As writer Wolff points out, the steady and still dignified presence of Williams has arrived just in time. MSNBC has gone so far to the left, and has employed so many fools (or smart people who in their arrogance and self-amusement, behave foolishly) that even some of the most liberal liberals have turned away in embarrassment. Not to mention the omnipresence of network’s much-mocked Locked Up marathons.
So, Brian Williams is the start of what might be a series of upheavals and program changes and shifts. I hope he does well because everybody deserves a second chance — and he didn’t kill anybody, for heaven’s sake! Also because I’d like to see MSNBC recover itself. With the presidential elections looming, having a reasonable liberal voice on TV is more important than ever, now.
•”TODAY’S MEN are shameless hussies!” That’s a quote from the other Hollywood Reporter story that caught my eye. Written by Merle Ginsberg, it is titled “Introducing The “Stromo!” Hollywood’s Male Stars Go Gay (ish)”
This is about the trend for straight male leading men to not care about, and even encourage, the idea that they might play in another ballpark. They pose provocatively wearing as little as the law allows, give major interviews to gay publications (The Advocate, Out) play gay roles and don’t get all bent out of shape when asked if they are gay.

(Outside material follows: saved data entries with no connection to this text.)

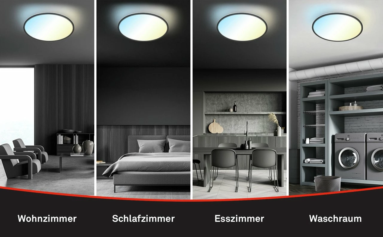 Die Briloner LED-Deckenleuchte „B-SMART“ bietet funktionales Lichtdesign, das für bessere Laune sorgt. Dank des extrem flach gehaltenen schwarzen Aufsatzrahmens (D/H ca. 42 x 2,5 cm, Gewicht 1,19 kg, Deckenmontage) mit mattweißer Kunststoffblende lässt sich die hochwertige Ausführung in jeden gewünschten Wohnbereich integrieren. Für stimmungsvolle Raumatmosphäre sorgen der Backlight-Effekt sowie der Farbwechsler (2.700-6.500 K). Seine fest verbaute dimmbare 22-W-LED-Platine (durchschnittliche Lebensdauer 20.000 Stunden, IP20, 230 V) erhellt mit 3.000 lm jede Zimmergröße. Dank Fernbedienung (Wifi/Bluetooth) mit Memory-, Timer- und Nachtmodus ist die Leuchte bequem steuerbar. Nehmen Sie die Briloner LED-Deckenleuchte „B-SMART“!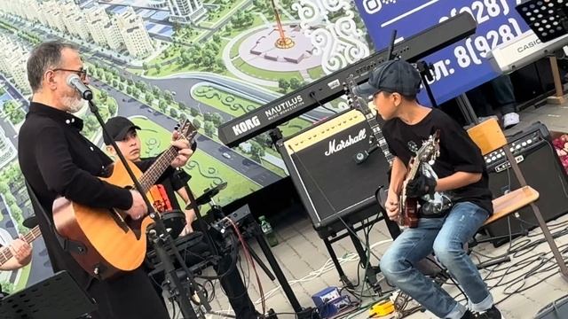 Фестиваль живой музыки в Грозном "Город будущего - Время перемен!" Народный артист Чеченской Республики Альви Альтамиров представил свою новую песню. Он исполнил её совместно с командой "Грозный", вместе с юными талантами Хамидом (гитара) и Абдуллой (ударник) Исаевыми.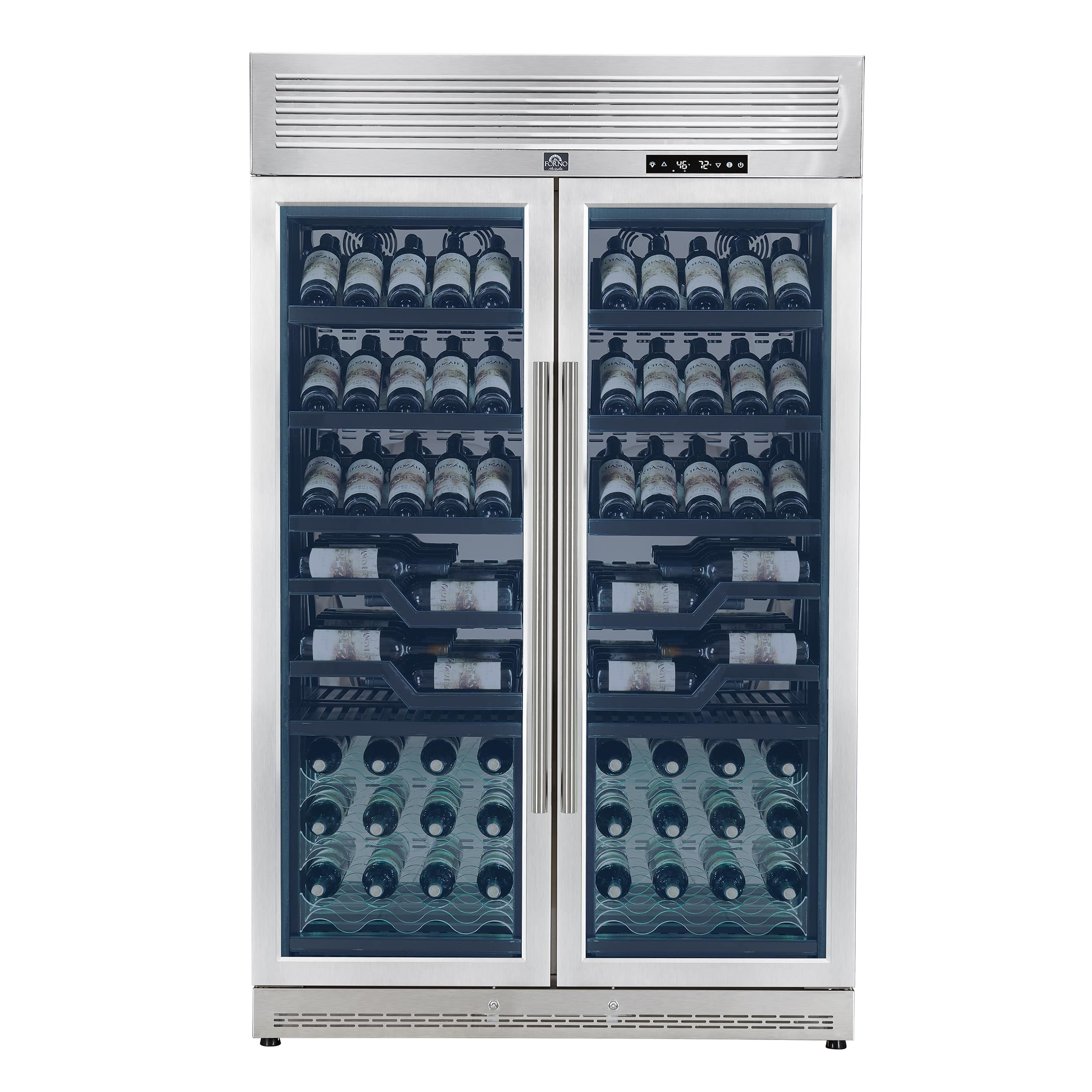 Forno Appliances - Abruzzo 102-Bottle Freestanding Dual Zone Wine Cellar with Green Acrylic Holders & Black Shelves - Stainless Steel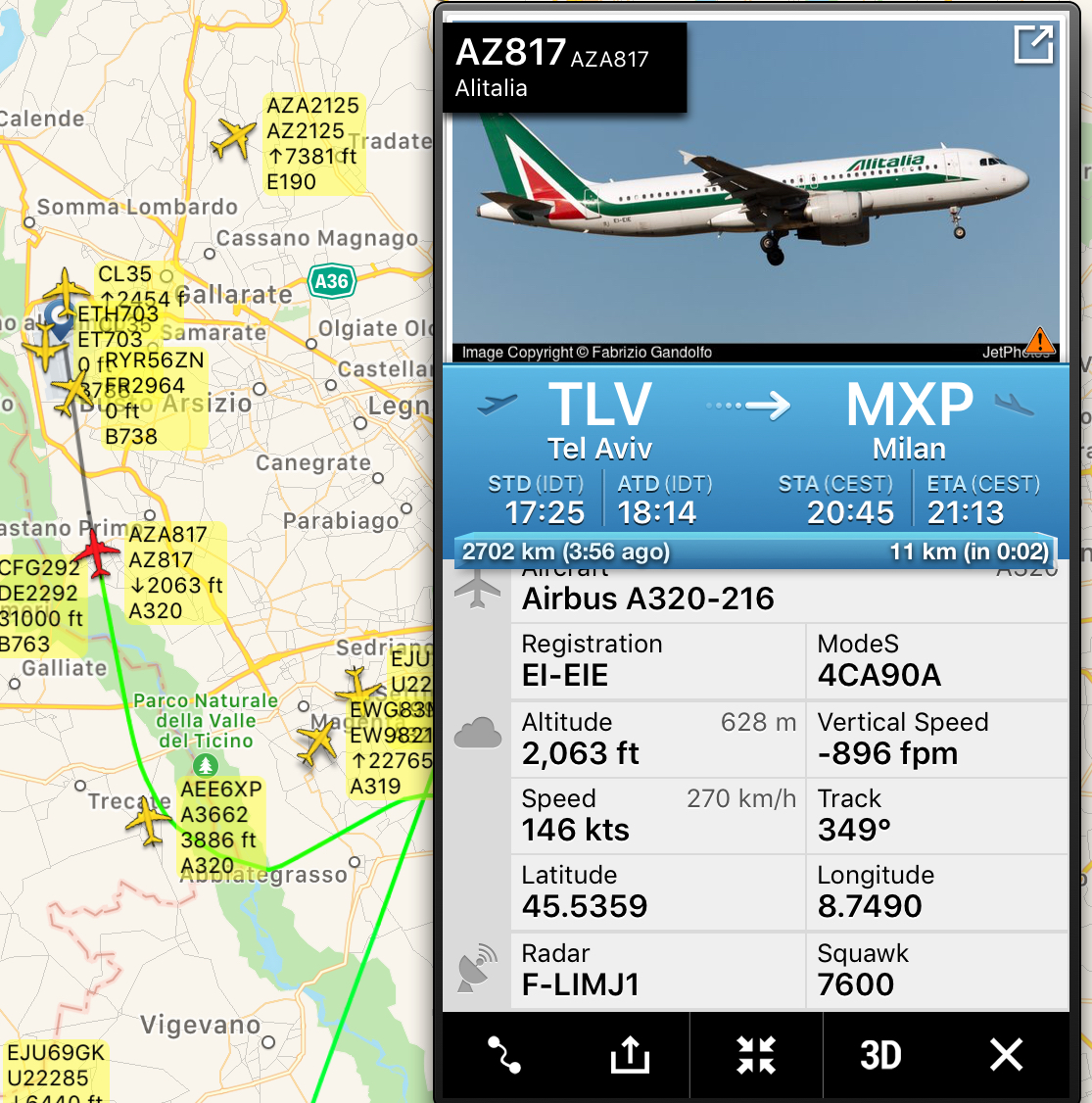 compagnie aeree, rotte Alitalia : problemi radio al volo Tel Aviv – Milano Malpensa Pubblicato da Italiavola il 20 agosto 2019 In finale all’aeroporto di Milano Malpensa il volo AZ817 da Tel Aviv ha inserito 7600 sul transponder segnalando con questa azione un problema ai suoi sistemi di comunicazione. Il velivolo e’ l’A320-216 EI-EIE. Condividi: Fai clic per condividere su Facebook (Si apre in una nuova finestra) Facebook Fai clic qui per condividere su LinkedIn (Si apre in una nuova finestra) LinkedIn Fai clic qui per condividere su Reddit (Si apre in una nuova finestra) Reddit Fai clic qui per condividere su Pinterest (Si apre in una nuova finestra) Pinterest Fai clic qui per condividere su Tumblr (Si apre in una nuova finestra) Tumblr Fai clic per condividere su X (Si apre in una nuova finestra) X Mi piace Caricamento... Correlati
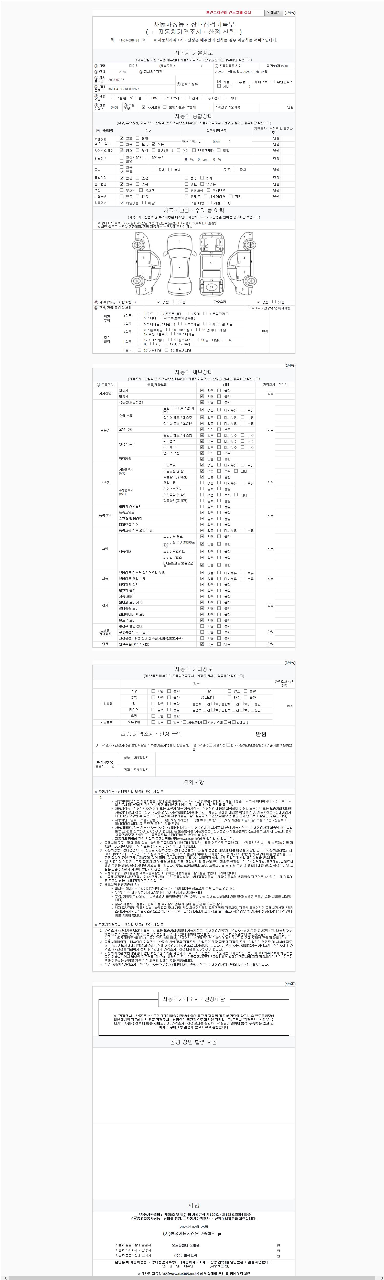 2. 차량 등록증이나 성능점검지 등을 상담자에게 요청및 확인하시고 사전에 미리 점검 하시기를 권유드립니다.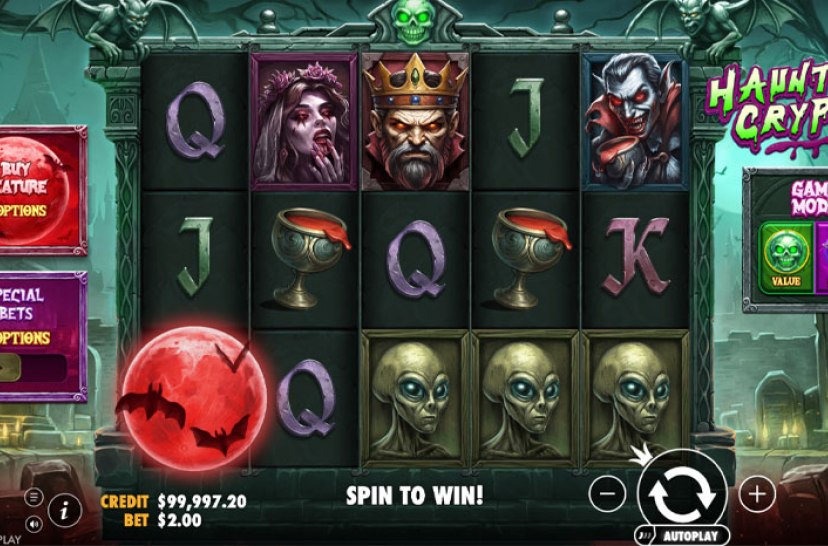 Haunted Crypt by Pragmatic Play invites you into a chilling 5×3 adventure filled with electrifying multiplier wilds and eerie free spins. Choose between Value and Speed modes, with Speed increasing your chances of triggering the bonus. Wilds can boost wins up to 10x in the base game, while three scatters unlock 10 thrilling free spins inside the crypt.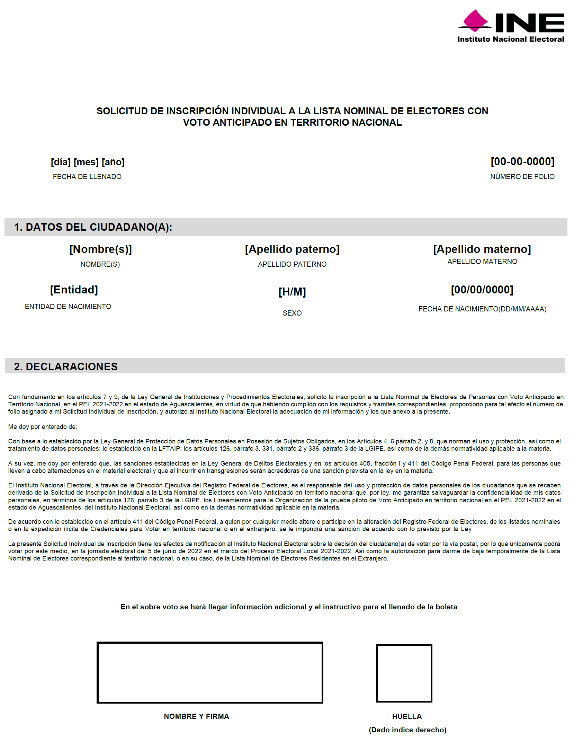 | Lineamientos | Lineamientos para la conformación de la Lista Nominal de Electores de la prueba piloto del voto anticipado para el Proceso Electoral Local 2021-2022 en el Estado de Aguascalientes. |
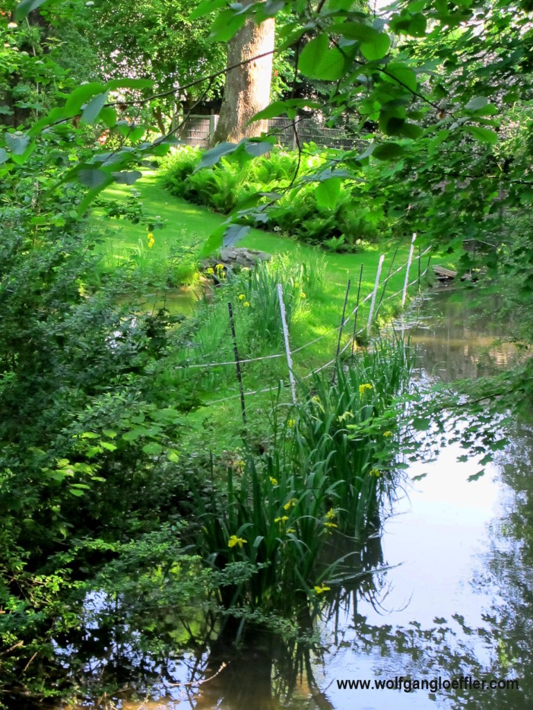 Weiter geht es dann entlang des Nordteils des Englischen Gartens. Hier im Nordteil ist nicht so viel los und ich finde es immer wieder faszinierend, wie schnell man dort vergisst, dass man sich nur ein paar Schritte von einer Millionenstadt befindet. Diese Ruhe, das Grün und die vielen kleinen Bäche, die den Park durchziehen – Ein kleines Paradies. Auf dem Weg zur Isar fährt man aber auch durch Wohngebiete mit kleinen Einfamilienhäusern und Gärten. Diesen hier fand ich besonders schön. So würde ich auch gern wohnen. Stattdessen blicke ich von unserer Dachterrasse auf das BMW-Werk. Immerhin sehen wir aber auch noch einen Teil des Olympiastadions und den Berg im Olympiapark.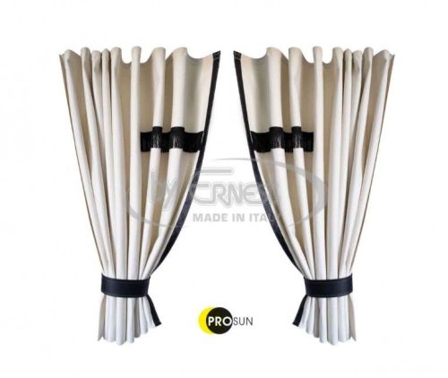 • Rideaux BEIGES • Fini avec un bracelet en cuir beige • Hauteur 2x 100 cm • Longueur 2x 215 cm • 2 embrasses rideaux cuir beige • Sans franges • Crochets pour suspendre les rideaux inclus • Patins pour camion ferroviaire NON inclus
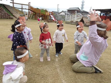 2025/12/01 11がつ☆すずらんグループ new園庭で簡単なルールのある、まてまておにごっこ『むっくりくまさん』をしました。保育者がくまのお面をかぶり、「ぐ~、ぐ~、むにゃ、むにゃ」と寝たふりをすると、それを囲んで子どもたちが集まり、「むっくりくまさん、あなのなか♪」と歌が始まります。くまに扮した保育者がいつ起きるのか、みんなで、わくわく、どきどき。「くまさん、おきて~!」の子どもたちの声で、保育者が「まて、まて~」と駆け出すと、「きゃあ~」と声を弾ませ、足取り軽く走り回っていましたよ。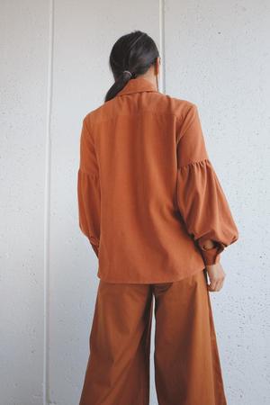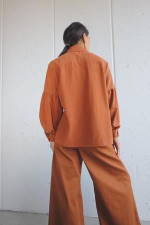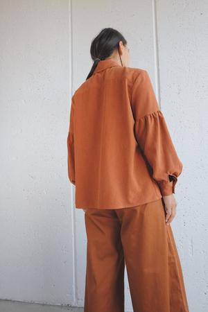 - romantic long sleeve button-front collar blouse - features cuff with balloon sleeve and dyed to match buttons - 100% raw silk - made in california - care instructions: hand wash cold or dry clean only, do not bleach, okay to iron - the fit of the theo top runs slightly large in the chest so it is recommended to size down if in between sizes - model is wearing size 2 - sizing: size 4 chest 40in, front length 27.5in - size 6 chest 42in, front length 28.5 - size 8 chest 44in, front length 29.5 - photos courtesy of selva negra

Nick Jonas, Channing Tatum, James Franco, Tom Hardy, Joseph Gordon-Levitt, Ryan Gosling, Daniel Radcliffe, Ryan Reynolds are just a few who are on board. And why not? All actors love to be admired. Why not cash in on the lucrative gay audience? And, as writer Ginsberg points out, straight men, in general now enjoy being objectified, in the way women are — they want to be sex objects. Admired by the women they sleep with, and by the men they don’t sleep with. It’s a big tease. It’s big business. (The Magic Mike movies appeal equally to both sexes.)
There’s always been “beefcake” but the old studios put out those photos ostensibly to appeal exclusively female movie-goers–although many of the “at home” sessions with the likes of Tab Hunter, Roddy McDowell and Tab Hunter, lounging around steam rooms or poolside, were coded to alert the then-closeted gay audience. And in the 1970s and early 80s we had ambiguous, androgynous rock stars, like David Bowie, who hinted they were open to anything. Today’s well-chiseled men are brazenly putting it out there for everybody to see and fantasize over. (Although, let’s give credit where credit is due — 1981’s male-stripper TV movie For Ladies Only starring Gregory Harrison. That was the original Magic Mike.)
Anyway, metrosexual is out; “Stromo” is in.
It will be the cream of the jest if, in a few years, male actors begin to revolt against this objectification, just as many women have. “Oh, no — I’m more than that…I won’t take my shirt off…I’m not showing my ass. I am a serious actor!”